- [DATASET ENTRIES]
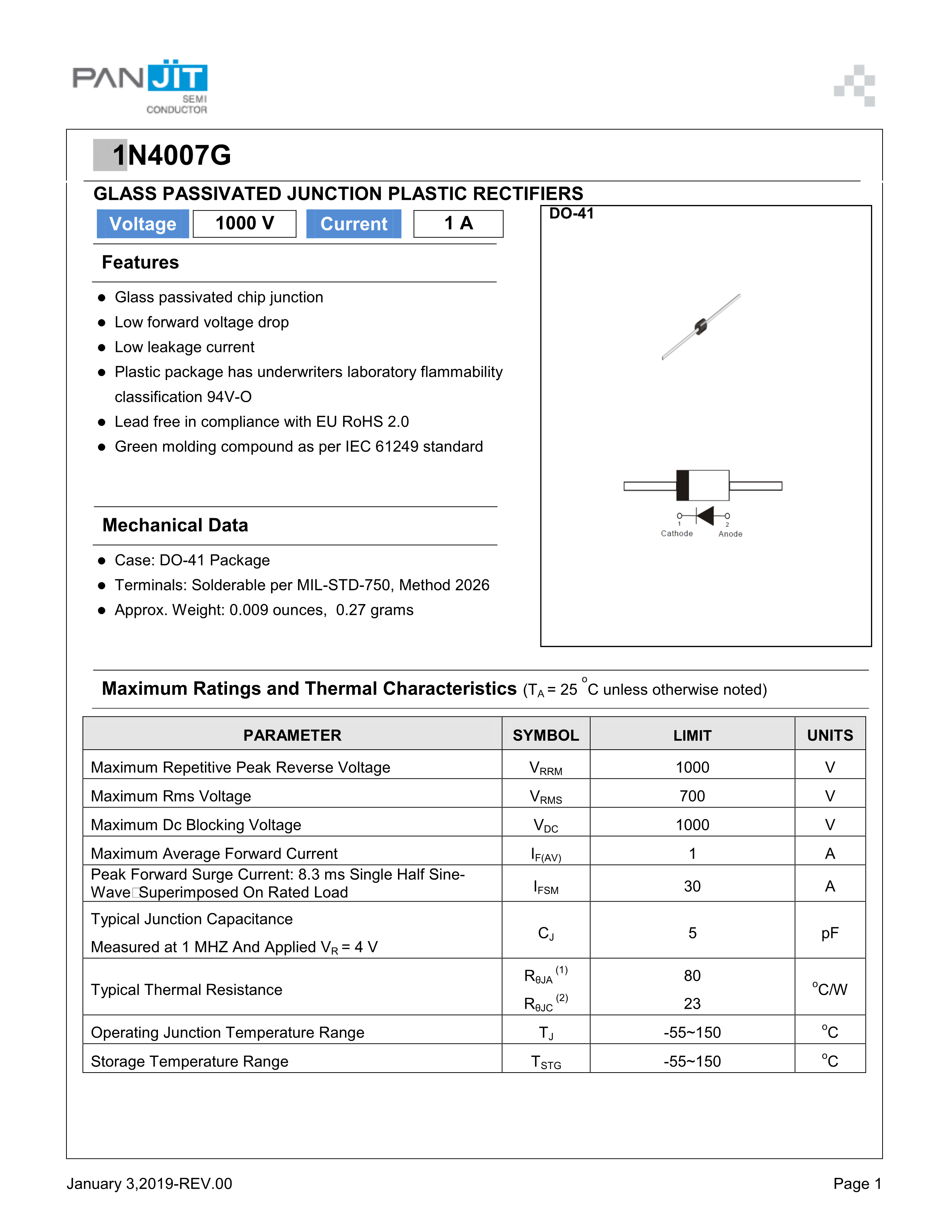 1N4007G_AY_00101数据手册DO-41封装PANJIT(强茂)PDF规格书,中英文下载
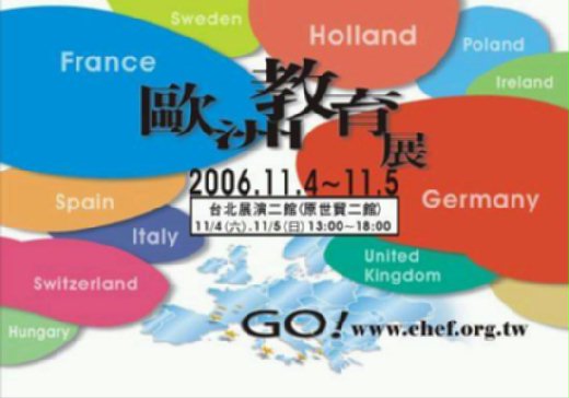 第五屆台北歐洲教育展 EHEF 時間:2006.11.04~11.05 地點:台北展演二館(原世貿二館) 台北市松廉路3號 網址:www.ehef.org.tw 高水準的教育品質,優渥的獎學金,多元的文化、語言與生活環境,使得台灣有愈來愈多學生開始眺望歐洲作為留學的另一種可能。二○○六年歐洲國家將聯合在台北世貿二館舉辦第五屆歐洲教育展,提供歐洲相關的留學、簽證、旅遊、獎學金資訊,面對面諮詢服務,更有機會獲得精美獎品與免費機票,歡迎大家共襄盛舉。 |
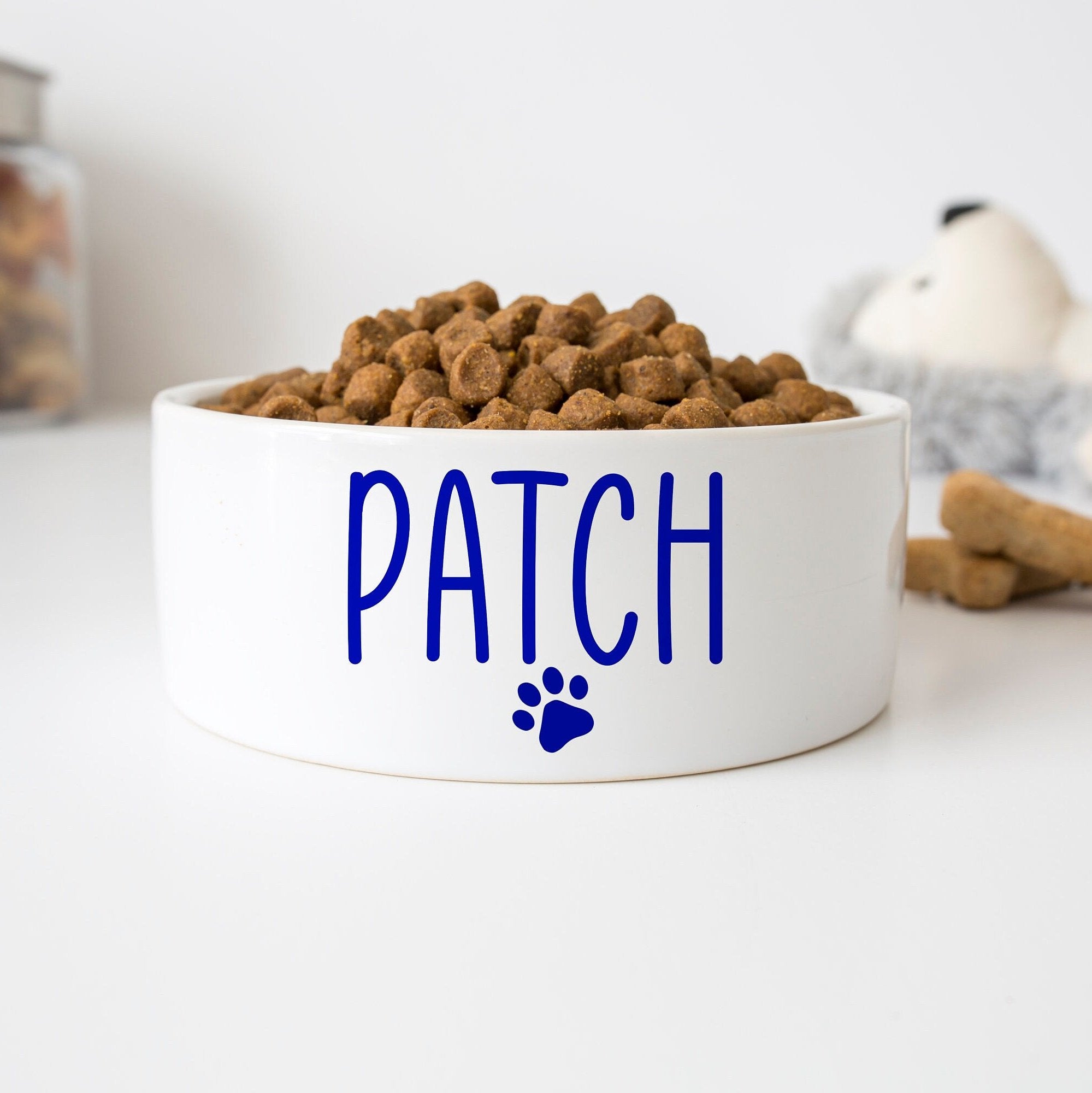 Display your pet's name on a personalised ceramic bowl printed with their name and a paw print. This makes a considerate gift or a special surprise for your fluffy companion. The paw print is an optional addition, and there are various font styles and colours to choose from to personalise your bowl exactly as you wish.
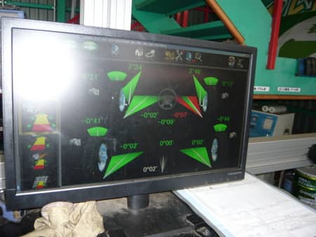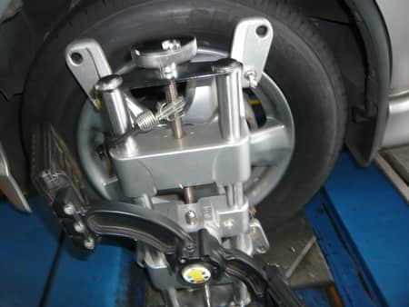 アライメントの調整は4枚目のようにタイヤに特殊な反射板を取り付けて
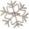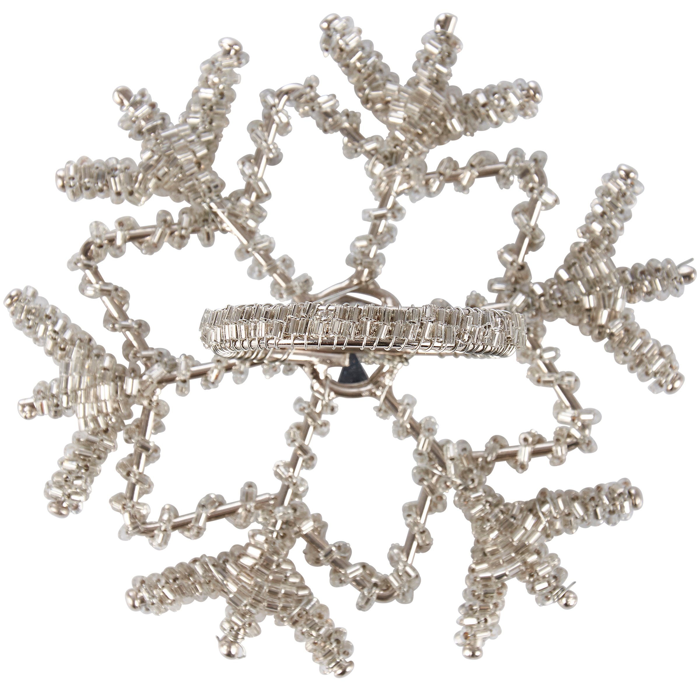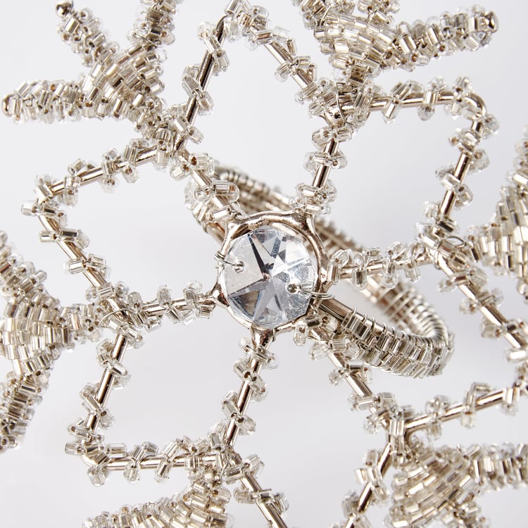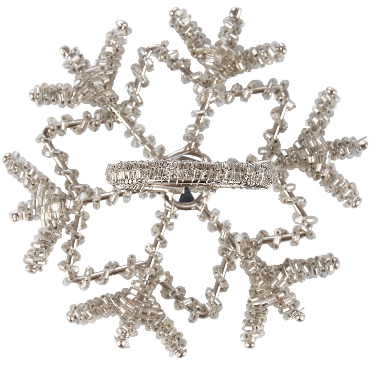 A decorative napkin ring from our Christmas Collection featuring a craft style design of a snowflake with jewel in the center. Our Snowflake napkin ring includes a metal ring to easily slip over rolled napkin and can be added to table setting when not in use as a seasonal accent. Napkin pictured not included. A fun tabletop accessory perfect for seasonal gatherings.
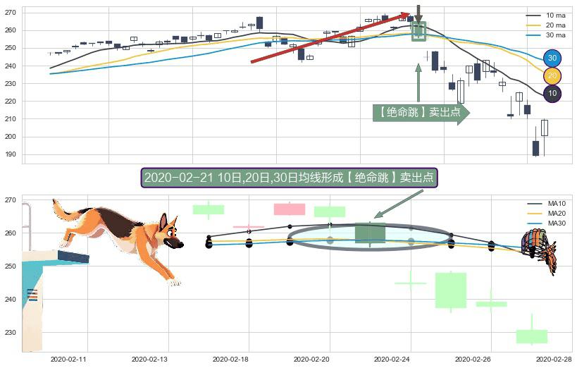 ⚀ 2020-02-21日显现 10日-20日-30日均线 【绝命跳】卖出点 看空信号,后市看跌,卖出

- [AIM OF THE TASK] Print the records again exactly, pictures excluded.

- [YOUR SOLUTION]
 1N4007G_AY_00101数据手册DO-41封装PANJIT(强茂)PDF规格书,中英文下载
 第五屆台北歐洲教育展 EHEF 時間:2006.11.04~11.05 地點:台北展演二館(原世貿二館) 台北市松廉路3號 網址:www.ehef.org.tw 高水準的教育品質,優渥的獎學金,多元的文化、語言與生活環境,使得台灣有愈來愈多學生開始眺望歐洲作為留學的另一種可能。二○○六年歐洲國家將聯合在台北世貿二館舉辦第五屆歐洲教育展,提供歐洲相關的留學、簽證、旅遊、獎學金資訊,面對面諮詢服務,更有機會獲得精美獎品與免費機票,歡迎大家共襄盛舉。 |
 Display your pet's name on a personalised ceramic bowl printed with their name and a paw print. This makes a considerate gift or a special surprise for your fluffy companion. The paw print is an optional addition, and there are various font styles and colours to choose from to personalise your bowl exactly as you wish.
 アライメントの調整は4枚目のようにタイヤに特殊な反射板を取り付けて
 A decorative napkin ring from our Christmas Collection featuring a craft style design of a snowflake with jewel in the center. Our Snowflake napkin ring includes a metal ring to easily slip over rolled napkin and can be added to table setting when not in use as a seasonal accent. Napkin pictured not included. A fun tabletop accessory perfect for seasonal gatherings.
 ⚀ 2020-02-21日显现 10日-20日-30日均线 【绝命跳】卖出点 看空信号,后市看跌,卖出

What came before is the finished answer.